Бронка поднимает ко рту сжатые в кулаки руки. Глаза у нее широко открыты:
— Так, значит, Вандерлюбе сошел с ума? Ох, Щенсный, он не был подлецом, я тебе говорила: слабый человек, потел, как мышь…
Щенсный раскаивается, простить себе не может, что вчера, вернувшись с лекции, начал ей рассказывать об этом чудовищном процессе; ведь она еще ребенок, ребенок, который вот-вот заплачет:
— И ему отрубили голову?
Щенсный машинально отвечает.
— Отрубили. Коротким топором.
Он пытается придумать, чем отвлечь ее, чтобы выбраться к свету, к надежде.
— Но Димитрова оправдали. Ева не зря сидела!
— Еву взяли за другое. За массовку.
— А массовка была для чего? Чтобы их освободить! В прошлом году — ты не знаешь, а я вот помню! — проводилась такая кампания во Влоцлавеке, во всей Польше, во всем мире. Массовки, воззвания, забастовки — движение могучее, как сто чертей!
— Почему сто?
— Ну потому что сто — это не пять и не десять, все же посильнее, а движение было сильное. «Коричневую книгу» тогда выпустили.
— Действительно коричневую или так только назвали?
— Так назвали, по рубашкам гитлеровцев — они же коричневого цвета…
Это была книга потрясающих документов и фотографий. Мощная волна протеста всего мира. Процесс в Лондоне. Антигитлеровский комитет начал тщательно расследовать историю мнимого поджога. Вокруг обгоревших стен рейхстага стало шумно и жарко; уже нельзя было втихую, приговором тайного судилища убрать Димитрова и других болгар. А когда со скрежетом зубовным решились на открытый процесс, обвиняемый начал обвинять.
— Димитров, Бронка, — вот это человек! Жизнь у него была трудная, что и говорить, трудная, но прекрасная, дай бог каждому, ты знаешь?
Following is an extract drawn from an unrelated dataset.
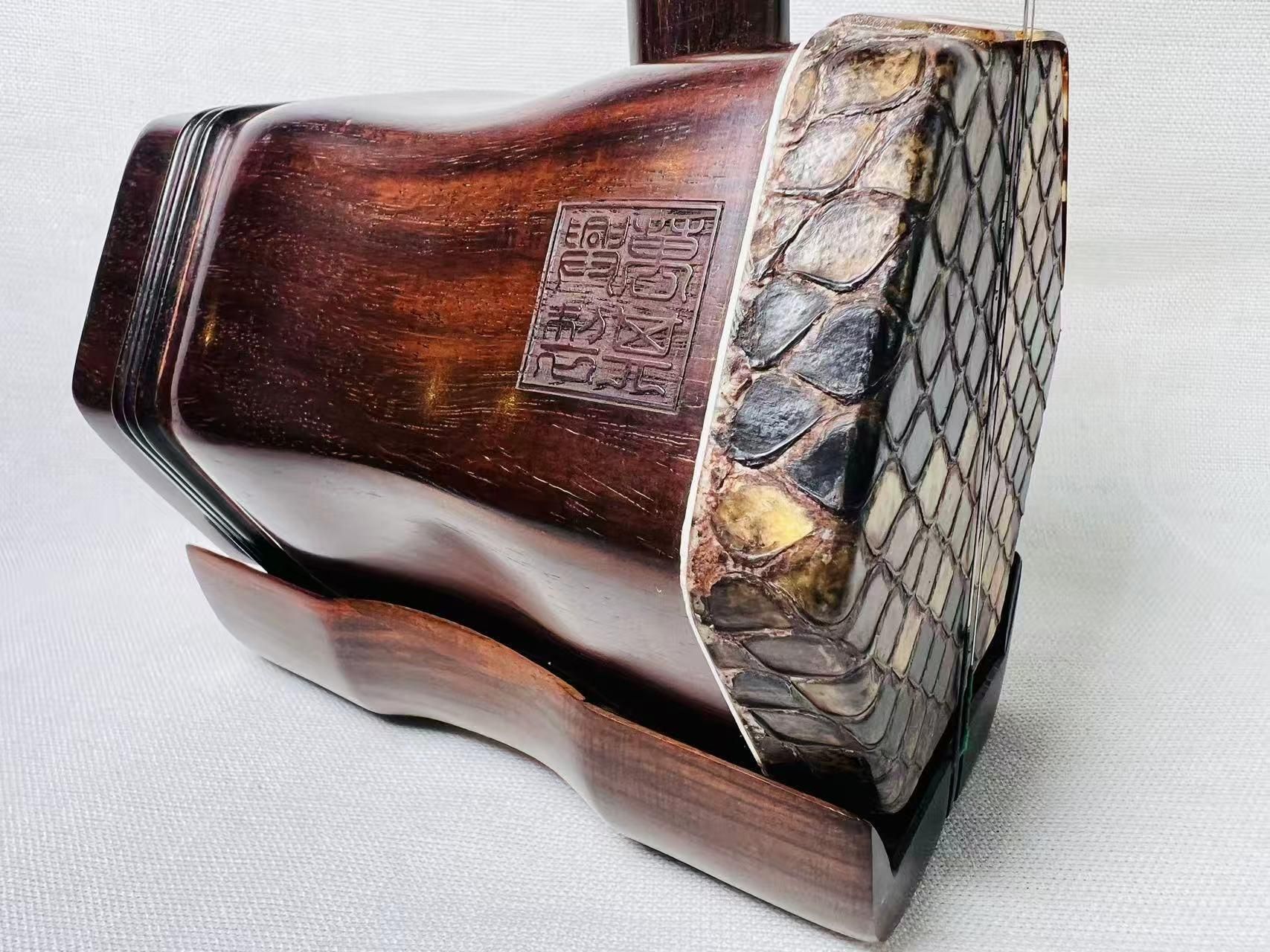 ミャンマーを中心とした東南アジア産ニシキヘビの一番良い皮の鱗の大きな部分を使用することによって出来上がった、長年二胡制作に携わってきた作者のこだわりを実感していただける二胡です。

Бронка не знает. Щенсный знает подробно со вчерашнего дня. Его распирает желание рассказать кому-нибудь, какой это человек — Георгий Димитров, молодой дровосек из Радомира, наборщик, потом… Невозможно перечислить, кем он был потом. И вождем тесняков[38], и генеральным секретарем профсоюзов, депутатом, арестантом, солдатом, отправленным на фронт прямо из тюрьмы, снова депутатом… Попеременно: то на коне, то под конем. Победы и поражения чередовались, как ночи и дни, но борьба народа продолжалась, и Димитров был с народом. Всегда и везде против всех и всяких господ и палачей — болгарских, турецких и македонских… Он потерял в этой борьбе трех братьев, лишился родины, заочно приговорен к смерти. Попал в руки гестапо и через семь месяцев, несгибаемый, предстал перед судом фашистов.
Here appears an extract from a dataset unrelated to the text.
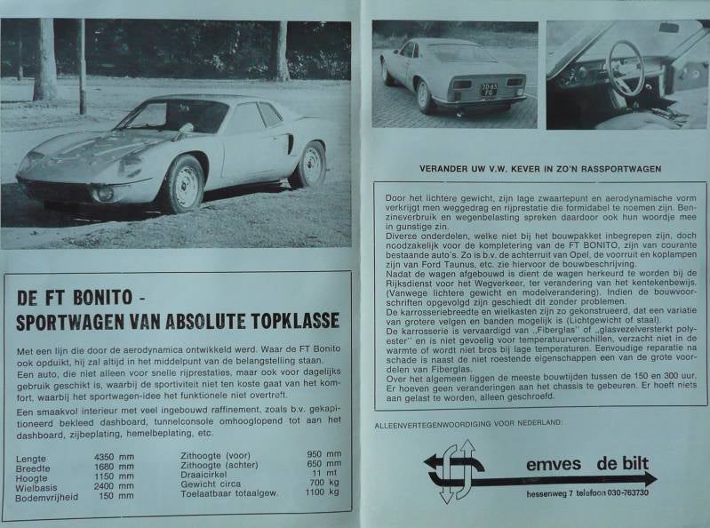 Een FT Bonito is een kitcar die eind jaren 60, begin jaren 70 op de markt verscheen. De letters FT staan voor Fiberfab Transformation, een Duitse firma die deze polyester body's maakte. De polyester body wordt bevestigd op het onderstel van een Volkswagen Kever. Samen met nog wat onderdelen van andere auto's kon men toentertijd een relatief low-budget sportauto bouwen.

— «Я защищаю здесь свою политическую и революционную честь, свое мировоззрение, свои идеи, цель всей моей жизни. Поэтому каждое утверждение, которое я здесь высказываю, — это моя плоть и кровь, каждое слово — правда… Правда, что для меня, коммуниста, высшим законом является программа Коммунистического Интернационала, высшим судом — Контрольная комиссия Коммунистического Интернационала…»
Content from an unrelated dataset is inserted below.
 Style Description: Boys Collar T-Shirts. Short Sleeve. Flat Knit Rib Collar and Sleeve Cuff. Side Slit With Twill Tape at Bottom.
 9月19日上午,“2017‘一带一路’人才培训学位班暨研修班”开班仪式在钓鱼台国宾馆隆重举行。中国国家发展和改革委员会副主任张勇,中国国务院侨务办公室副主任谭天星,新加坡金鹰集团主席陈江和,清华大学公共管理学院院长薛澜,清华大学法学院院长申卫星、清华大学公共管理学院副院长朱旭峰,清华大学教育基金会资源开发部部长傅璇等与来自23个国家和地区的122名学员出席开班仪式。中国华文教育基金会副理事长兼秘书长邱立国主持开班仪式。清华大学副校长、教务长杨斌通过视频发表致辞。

Не каждый может изложить все это так гладко, как Белява, но прочувствовать, пережить может каждый — и взрослый, и маленький, и Щенсный, и Бронка.
— Ох, если б я так могла.
— А я, думаешь, не хотел бы?!
Оба они смотрят на Димитрова и мечтают об одном, пока Щенсный не встрепенулся: неужели ты не нашел, детина здоровенный, старый жеребец, никого другого, кроме этого ребенка, чтобы душу изливать.
— Ну ладно. Мы тут с тобой тары-бары, а уроки-то небось не сделаны?
— А вот и сделаны. Я никогда не запускаю, только арифметика осталась…
— Тогда я могу тебе помочь. В арифметике я силен.
— Как сто чертей?
— Ты, сопля, не смейся надо мной, неси-ка лучше тетрадку, тогда сама увидишь.
Снизу послышался голос Евы:
— Сюда, пожалуйста, по этой лестнице. Он, должно быть, у себя, Бронка туда побежала…
Чьи-то шаги стремительно взлетают вверх по винтовой лестнице. Стук в дверь.
— Войдите, — говорит Щенсный удивленно, потому что его обычные посетители входят без стука.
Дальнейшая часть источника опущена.